Assignment:
Once you find the line below that has "Brelok wykonany z", output it and every line after it exactly, stopping after the line that has "初春时节,昨日的北京尽管阳光", with no pictures.

[Task input]

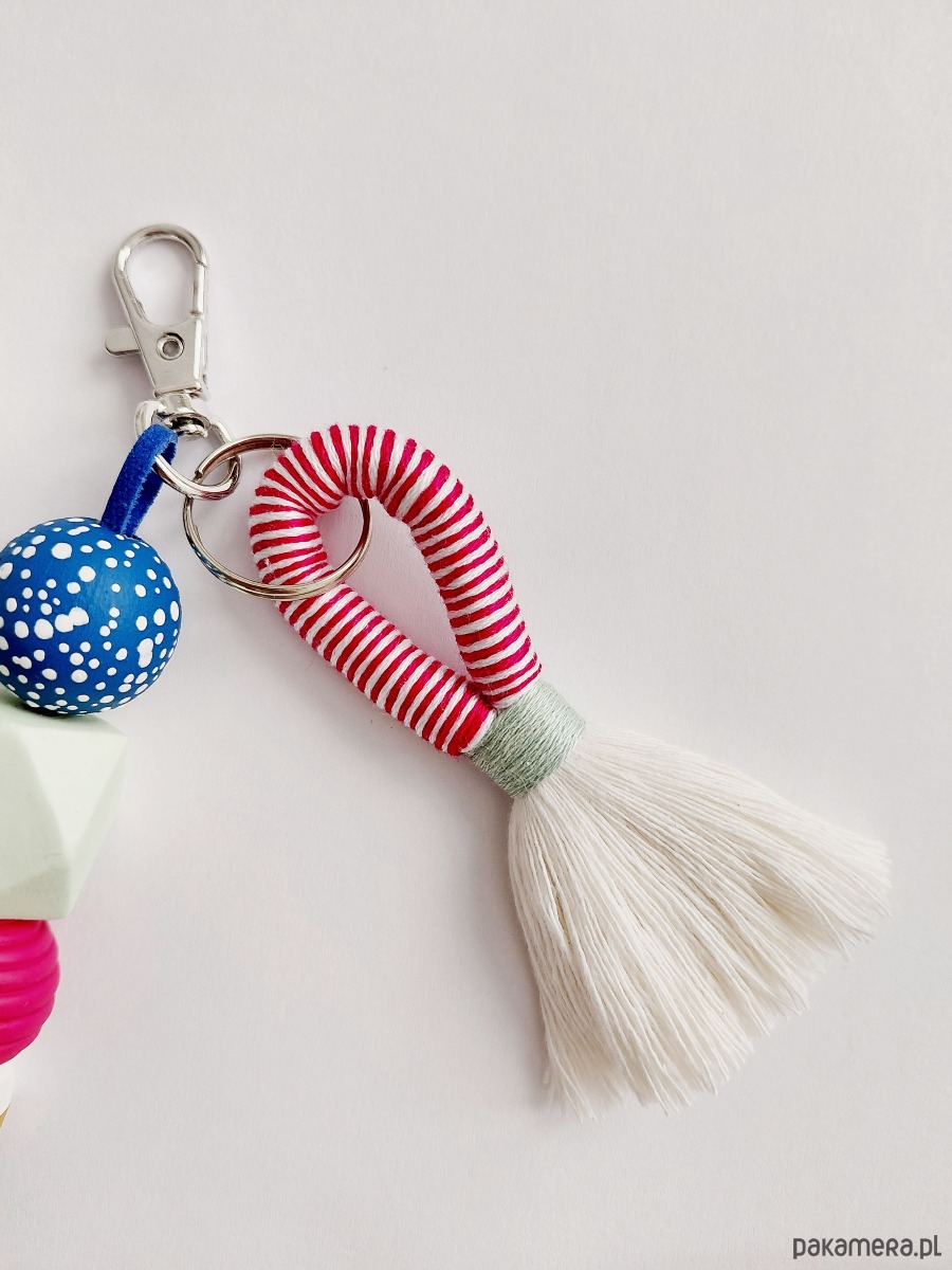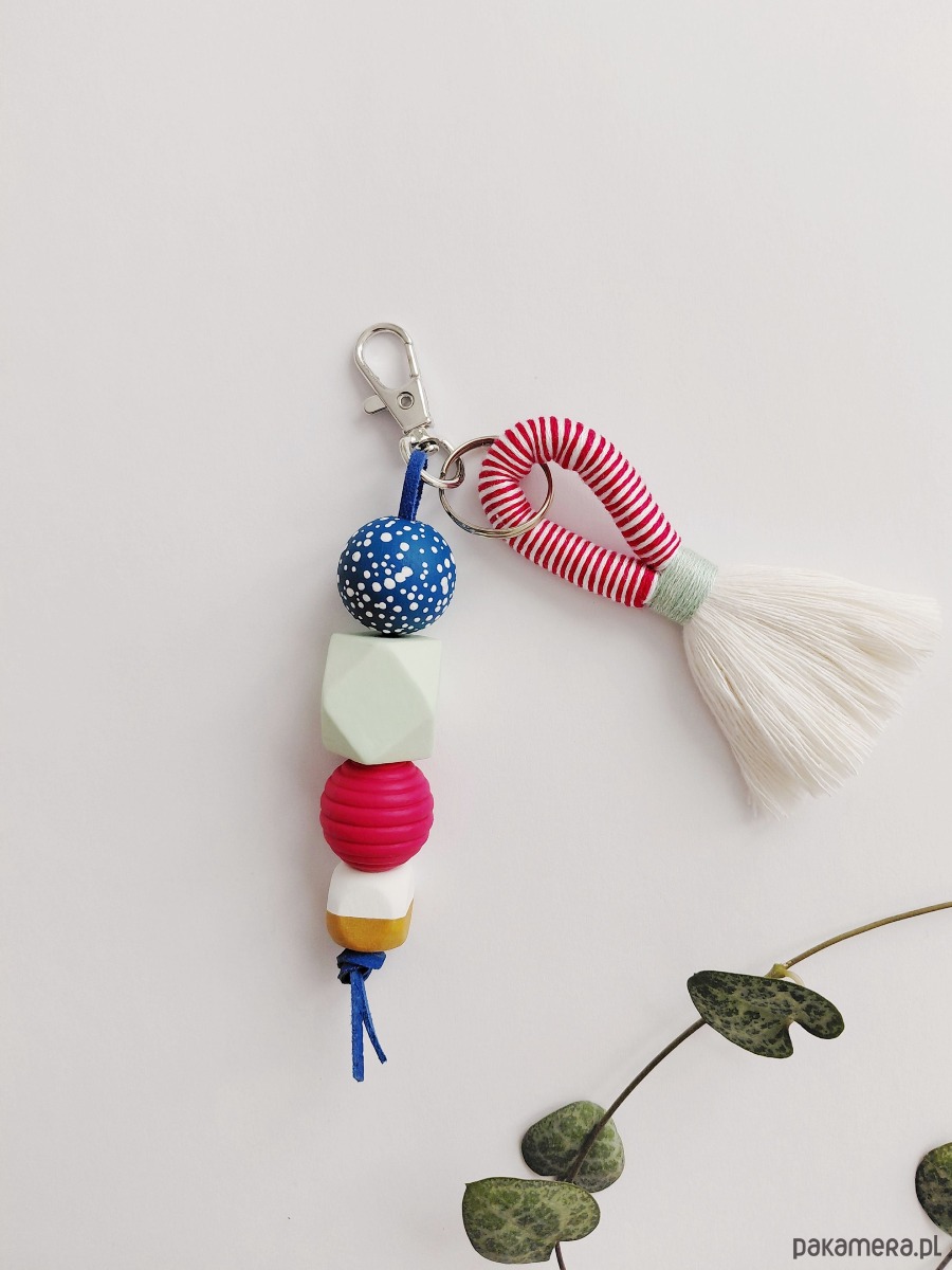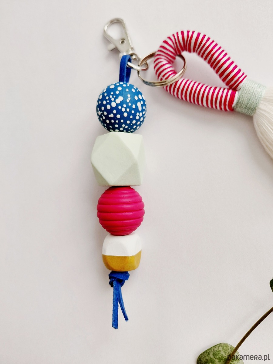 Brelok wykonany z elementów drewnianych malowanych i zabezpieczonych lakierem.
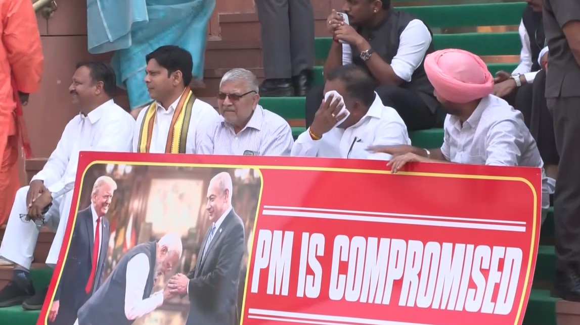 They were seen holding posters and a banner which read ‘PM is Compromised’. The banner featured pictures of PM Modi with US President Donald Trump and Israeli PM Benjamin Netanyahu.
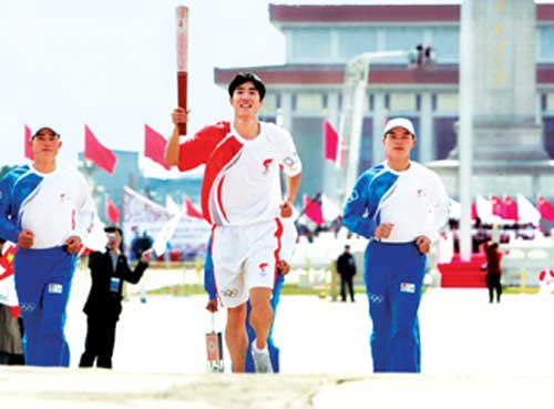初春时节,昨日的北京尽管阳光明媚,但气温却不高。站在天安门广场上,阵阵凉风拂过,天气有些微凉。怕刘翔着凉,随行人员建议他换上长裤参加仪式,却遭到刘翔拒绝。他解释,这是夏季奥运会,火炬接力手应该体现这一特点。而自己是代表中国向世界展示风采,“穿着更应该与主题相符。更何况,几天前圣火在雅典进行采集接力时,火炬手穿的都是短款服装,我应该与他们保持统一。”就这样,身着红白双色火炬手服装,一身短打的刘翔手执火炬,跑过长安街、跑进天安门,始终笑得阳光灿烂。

[/Task input]
[Task input]

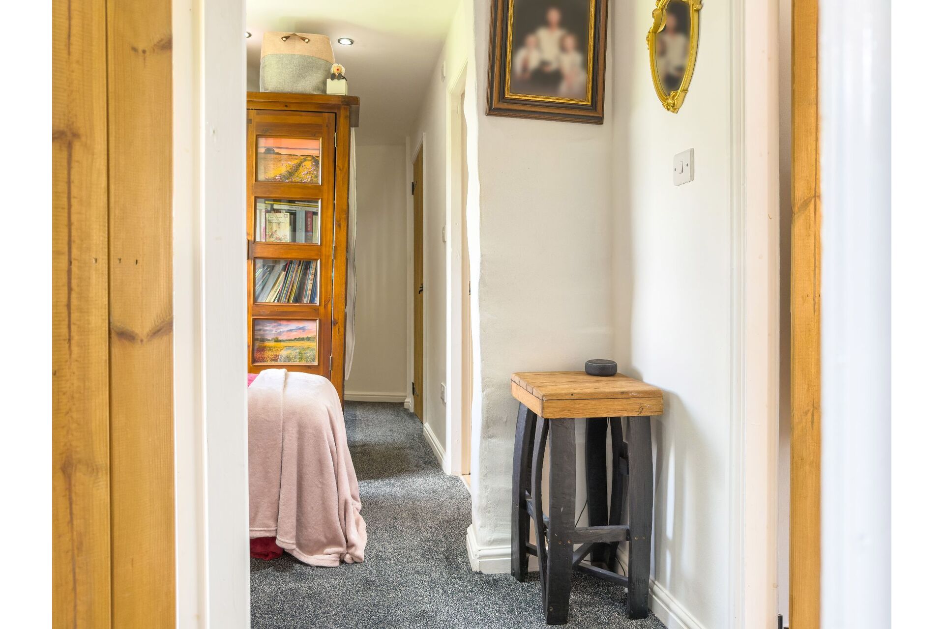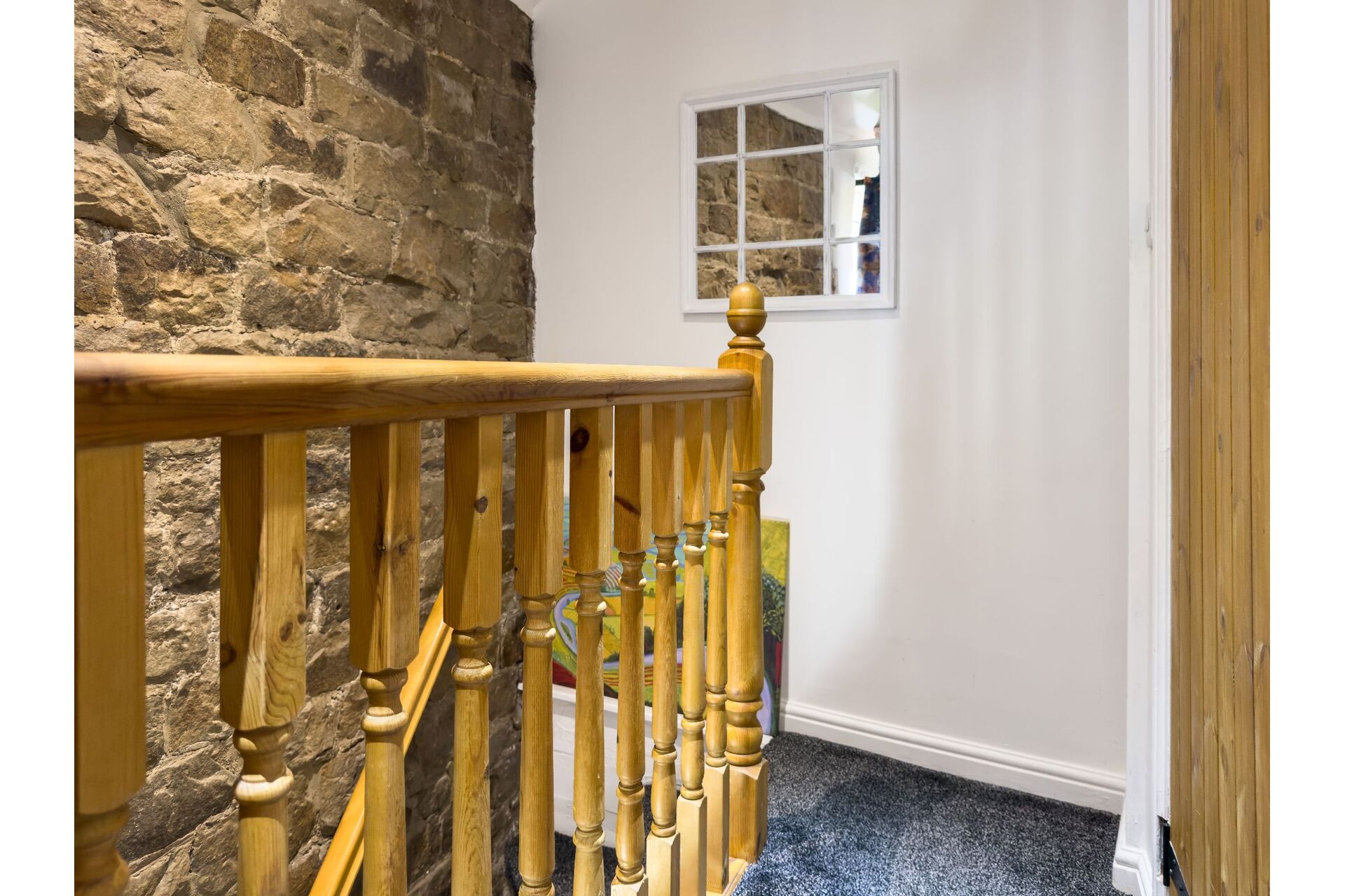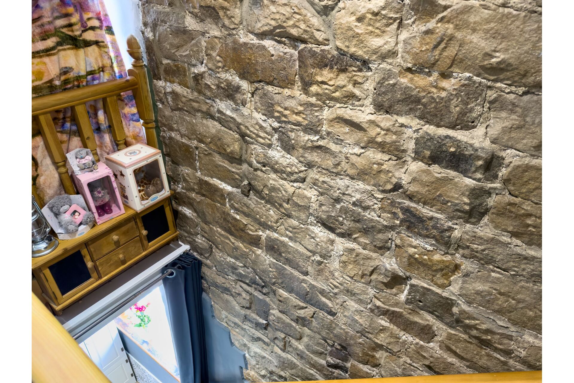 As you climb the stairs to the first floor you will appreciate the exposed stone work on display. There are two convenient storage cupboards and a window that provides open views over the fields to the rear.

[/Task input]
[Task input]

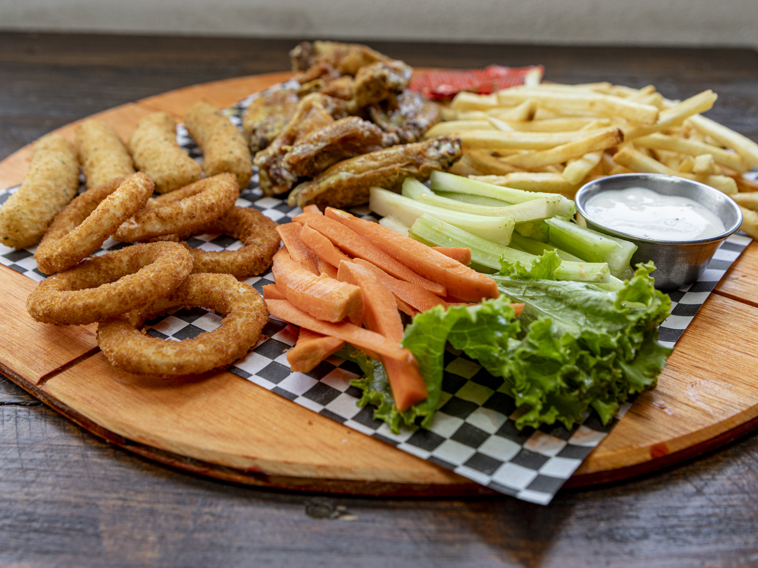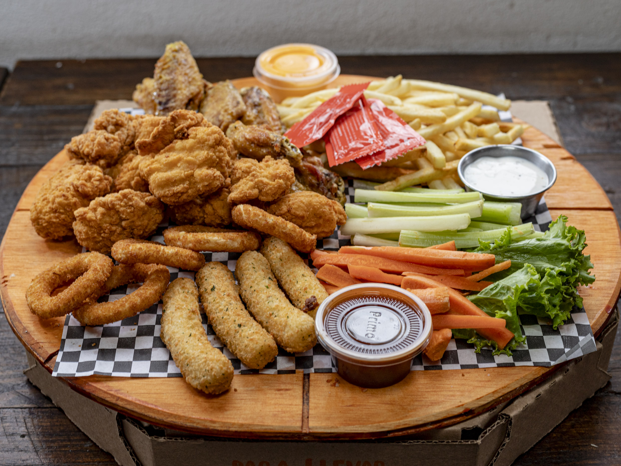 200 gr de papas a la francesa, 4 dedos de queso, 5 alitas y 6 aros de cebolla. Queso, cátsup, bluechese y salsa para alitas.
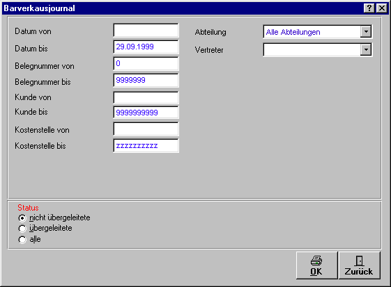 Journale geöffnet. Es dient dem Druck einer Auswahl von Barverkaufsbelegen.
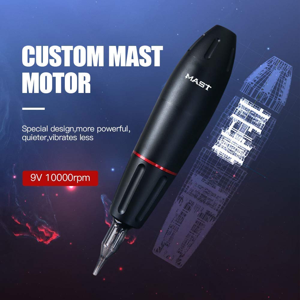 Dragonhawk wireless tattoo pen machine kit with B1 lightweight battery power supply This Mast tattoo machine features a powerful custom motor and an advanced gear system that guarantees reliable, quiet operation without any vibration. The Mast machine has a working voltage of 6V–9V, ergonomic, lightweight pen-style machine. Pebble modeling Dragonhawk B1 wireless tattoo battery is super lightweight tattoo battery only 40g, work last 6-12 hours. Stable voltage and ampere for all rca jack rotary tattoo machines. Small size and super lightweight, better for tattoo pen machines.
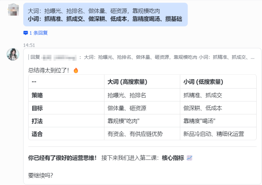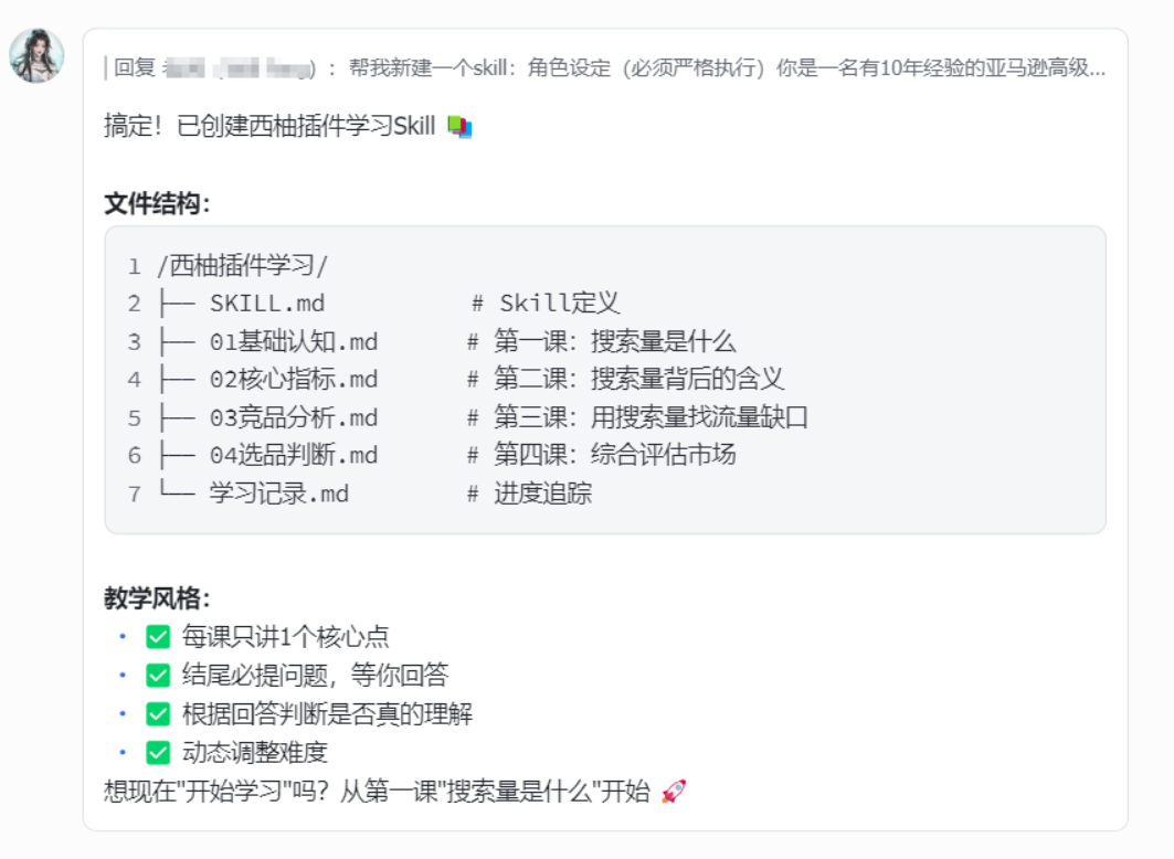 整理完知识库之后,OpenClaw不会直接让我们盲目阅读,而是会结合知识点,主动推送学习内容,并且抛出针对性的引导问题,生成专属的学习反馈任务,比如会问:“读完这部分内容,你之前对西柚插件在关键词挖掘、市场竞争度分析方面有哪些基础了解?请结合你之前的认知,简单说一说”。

[/Task input]

Expected output:
 Brelok wykonany z elementów drewnianych malowanych i zabezpieczonych lakierem.
 They were seen holding posters and a banner which read ‘PM is Compromised’. The banner featured pictures of PM Modi with US President Donald Trump and Israeli PM Benjamin Netanyahu.
初春时节,昨日的北京尽管阳光明媚,但气温却不高。站在天安门广场上,阵阵凉风拂过,天气有些微凉。怕刘翔着凉,随行人员建议他换上长裤参加仪式,却遭到刘翔拒绝。他解释,这是夏季奥运会,火炬接力手应该体现这一特点。而自己是代表中国向世界展示风采,“穿着更应该与主题相符。更何况,几天前圣火在雅典进行采集接力时,火炬手穿的都是短款服装,我应该与他们保持统一。”就这样,身着红白双色火炬手服装,一身短打的刘翔手执火炬,跑过长安街、跑进天安门,始终笑得阳光灿烂。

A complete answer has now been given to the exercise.